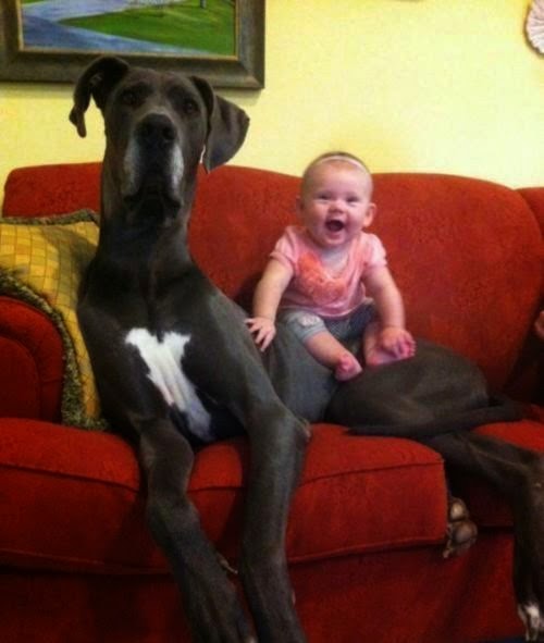 A Great Dane loves children and is gentle with them, especially when raised with them from puppyhood. Keep in mind he doesn’t have any idea how big he is compared to a small child, and so can accidentally knock them over quite easily.
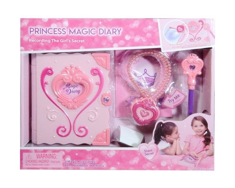 Pamiętnik księżniczki do zapisywania tajnych sekretów dziewczynek. Pamiętnik zamykany na klucz, wystarczy przybliżyć długopis i pamiętnik się otworzy. A magiczny naszyjnik i umieszczona w nim dioda pozwolą przeczytać tajemne sekrety. Produkt działa na baterie typu AA (niezałączone) oraz CR2032 (załączone). Produkt dla dzieci od 3 lat. Zabawka zapakowana w kartonowe opakowanie z przezroczystym okienekiem. Podane wymiary sa wymiarami opakowania.
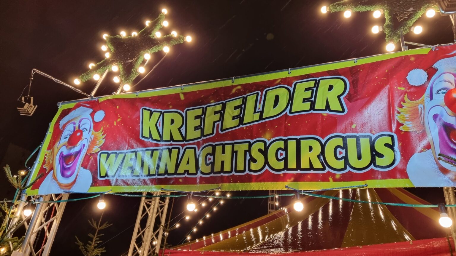 Duitsland, Krefeld – Na mijn bezoek aan het Düsseldorfer Weihnachtscircus besloot ik op de terugweg toch ook maar bij het Krefelder Weihnachtscircus te gaan kijken. Eigenlijk zonder hoge verwachtingen kwam ik aan op de Sprodentahlplatz in Krefeld en daar werden mijn verwachtingen al gelijk overtroffen. Maar liefst drie grote geel rode circustenten met daarop echt honderden lampjes maakten gelijk indruk. Maar een mooi tentencomplex zegt natuurlijk nog niks over de inhoud van de voorstelling, maar ook die overtrof mijn verwachtingen. Dit was echt groot en goed circus, wat ik lang niet in deze vorm heb gezien.
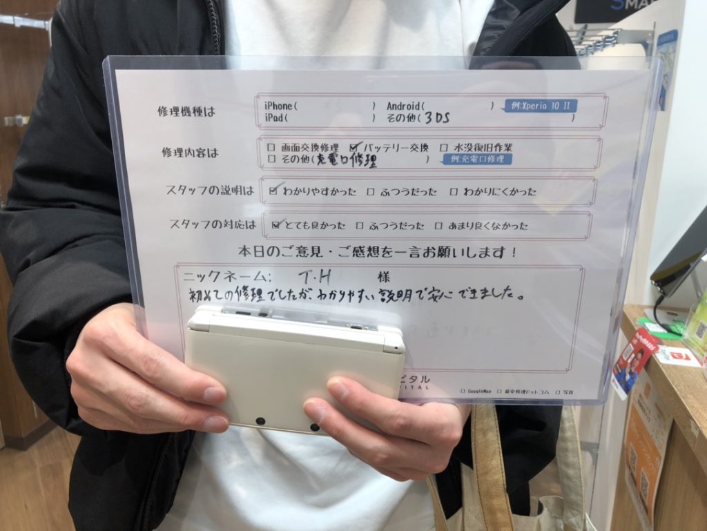 スマホスピタル厚木ガーデンシティ 【Nintendo 3DS】充電口による交換修理 『T・H様』よりのコメントを頂きました。
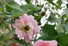 木芙蓉,锦葵科木槿属落叶灌木或小乔木。小枝上有细绒毛;叶片为卵状心形,托叶为披针形,常早落;花单生,花萼为钟形,花冠初为白色或淡红色,后逐渐变为深红色;果实为扁球形,有淡黄色的毛附着。花期8到10月。…全部>>
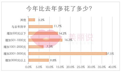 数据显示,超过8成的女性在时尚消费上的支出高于 去年同期,其中,超过4成女性平均每月多花2000元,近1 成女性每月多花的幅度在3000元以上,仅不到2成的女性 消费支出与去年持平。
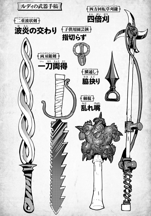 ルディが作る武器は、ただ強いだけでなく、見た目や機能にこだわったユニークなものばかりです。「世界一かっこいい武器」を目指すルディの豊かな発想力が、私たち読者を楽しませてくれます。
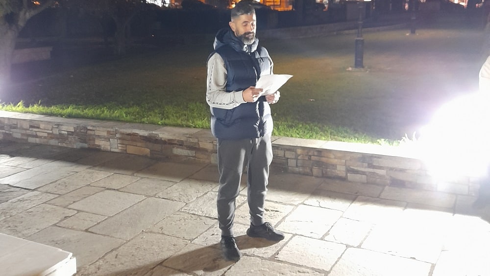 Την κεντρική ομιλία έκανε ο πρόεδρος του τοπικού παραρτήματος του συνδικάτου Οικοδόμων Γ. Κιτσούλης που ανέφερε:
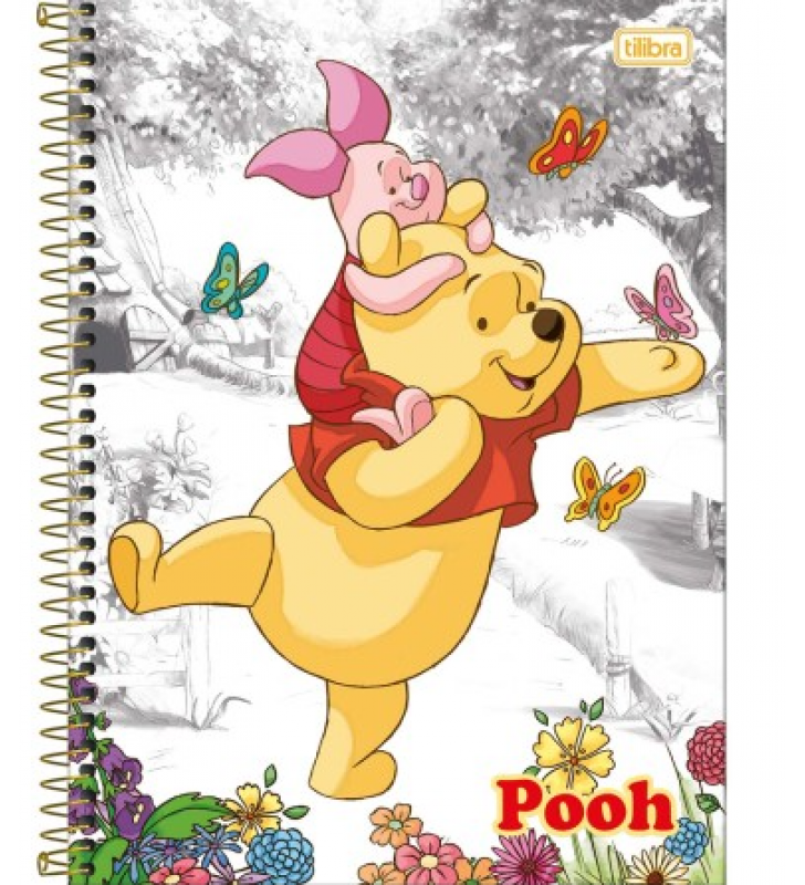 Caderno espiral capa dura 10 matérias 160 folhas pooh universitário Tilibra
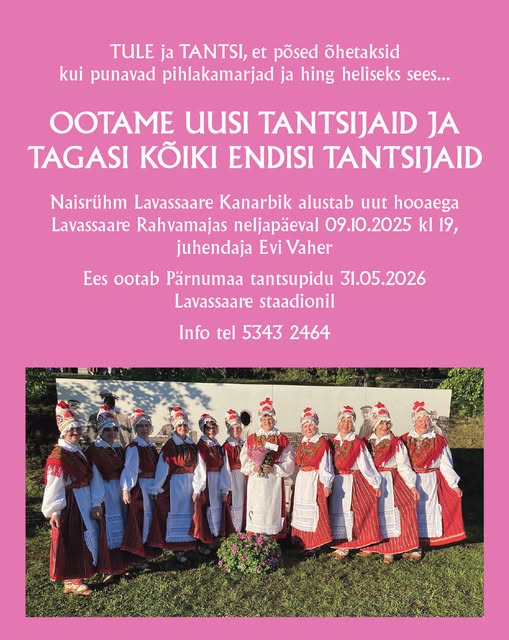 Lavassaare naisrahvatantsurühm Kanarbik ootab uusi ja ja tagasi endisi tantsijaid trennidega alustama 9.oktoobril 2025 kell 19.00 Lavassaare Rahvamajas. Juhendaja Evi Vaher
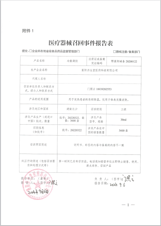 襄陽(yáng)濟(jì)生堂醫(yī)藥科技有限公司報(bào)告,由于說(shuō)明書(shū)、標(biāo)簽的內(nèi)容與備案的內(nèi)容不一致等原因,襄陽(yáng)濟(jì)生堂醫(yī)藥科技有限公司對(duì)其生產(chǎn)的冷敷凝膠(備案號(hào): 鄂襄陽(yáng)械備20200122號(hào))主動(dòng)召回。召回級(jí)別為三級(jí)。涉及產(chǎn)品的型號(hào)、規(guī)格及批次等詳細(xì)信息見(jiàn)《醫(yī)療器械召回事件報(bào)告表》。
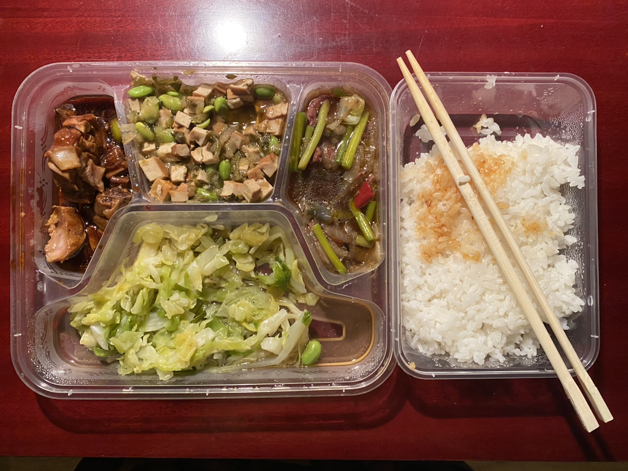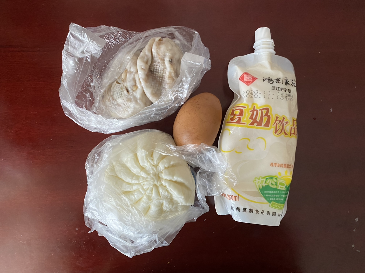 언제나와 같은 또우지앙(豆浆, 두유), 계란, 그리고 만두. 심지어 며칠 전 정말 맛있게 먹어서 다시 나오길 기다린 야채버섯 만두다. 오른쪽 만두는 약밥 같은 느낌. 그런데 음식이 잘 안 먹힌다. 야채만두도 속만 먹고 말았고, 약밥 만두는 두 입 정도 먹다가 내려놨다. 어제 저녁부터 입맛이 없다.
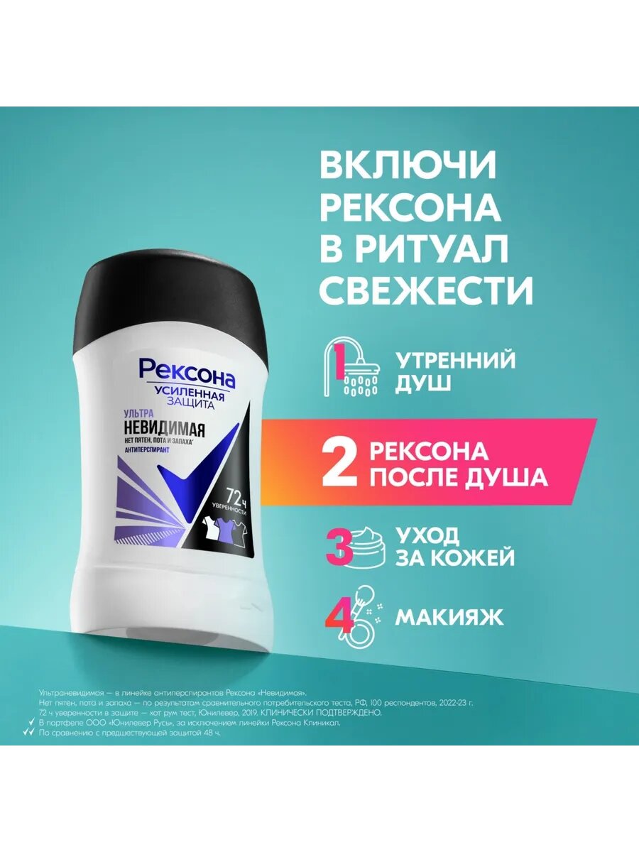 Rexona Дезодорант стик женский Ультраневидимая 40 мл, 2 шт

___

• [TASK ITEM]: Set the records down again exactly, with no pictures.

• [RESULT BELOW]:
 A Great Dane loves children and is gentle with them, especially when raised with them from puppyhood. Keep in mind he doesn’t have any idea how big he is compared to a small child, and so can accidentally knock them over quite easily.
 Pamiętnik księżniczki do zapisywania tajnych sekretów dziewczynek. Pamiętnik zamykany na klucz, wystarczy przybliżyć długopis i pamiętnik się otworzy. A magiczny naszyjnik i umieszczona w nim dioda pozwolą przeczytać tajemne sekrety. Produkt działa na baterie typu AA (niezałączone) oraz CR2032 (załączone). Produkt dla dzieci od 3 lat. Zabawka zapakowana w kartonowe opakowanie z przezroczystym okienekiem. Podane wymiary sa wymiarami opakowania.
 Duitsland, Krefeld – Na mijn bezoek aan het Düsseldorfer Weihnachtscircus besloot ik op de terugweg toch ook maar bij het Krefelder Weihnachtscircus te gaan kijken. Eigenlijk zonder hoge verwachtingen kwam ik aan op de Sprodentahlplatz in Krefeld en daar werden mijn verwachtingen al gelijk overtroffen. Maar liefst drie grote geel rode circustenten met daarop echt honderden lampjes maakten gelijk indruk. Maar een mooi tentencomplex zegt natuurlijk nog niks over de inhoud van de voorstelling, maar ook die overtrof mijn verwachtingen. Dit was echt groot en goed circus, wat ik lang niet in deze vorm heb gezien.
 スマホスピタル厚木ガーデンシティ 【Nintendo 3DS】充電口による交換修理 『T・H様』よりのコメントを頂きました。
 木芙蓉,锦葵科木槿属落叶灌木或小乔木。小枝上有细绒毛;叶片为卵状心形,托叶为披针形,常早落;花单生,花萼为钟形,花冠初为白色或淡红色,后逐渐变为深红色;果实为扁球形,有淡黄色的毛附着。花期8到10月。…全部>>
 数据显示,超过8成的女性在时尚消费上的支出高于 去年同期,其中,超过4成女性平均每月多花2000元,近1 成女性每月多花的幅度在3000元以上,仅不到2成的女性 消费支出与去年持平。
 ルディが作る武器は、ただ強いだけでなく、見た目や機能にこだわったユニークなものばかりです。「世界一かっこいい武器」を目指すルディの豊かな発想力が、私たち読者を楽しませてくれます。
 Την κεντρική ομιλία έκανε ο πρόεδρος του τοπικού παραρτήματος του συνδικάτου Οικοδόμων Γ. Κιτσούλης που ανέφερε:
 Caderno espiral capa dura 10 matérias 160 folhas pooh universitário Tilibra
 Lavassaare naisrahvatantsurühm Kanarbik ootab uusi ja ja tagasi endisi tantsijaid trennidega alustama 9.oktoobril 2025 kell 19.00 Lavassaare Rahvamajas. Juhendaja Evi Vaher
 襄陽(yáng)濟(jì)生堂醫(yī)藥科技有限公司報(bào)告,由于說(shuō)明書(shū)、標(biāo)簽的內(nèi)容與備案的內(nèi)容不一致等原因,襄陽(yáng)濟(jì)生堂醫(yī)藥科技有限公司對(duì)其生產(chǎn)的冷敷凝膠(備案號(hào): 鄂襄陽(yáng)械備20200122號(hào))主動(dòng)召回。召回級(jí)別為三級(jí)。涉及產(chǎn)品的型號(hào)、規(guī)格及批次等詳細(xì)信息見(jiàn)《醫(yī)療器械召回事件報(bào)告表》。
 언제나와 같은 또우지앙(豆浆, 두유), 계란, 그리고 만두. 심지어 며칠 전 정말 맛있게 먹어서 다시 나오길 기다린 야채버섯 만두다. 오른쪽 만두는 약밥 같은 느낌. 그런데 음식이 잘 안 먹힌다. 야채만두도 속만 먹고 말았고, 약밥 만두는 두 입 정도 먹다가 내려놨다. 어제 저녁부터 입맛이 없다.
 Rexona Дезодорант стик женский Ультраневидимая 40 мл, 2 шт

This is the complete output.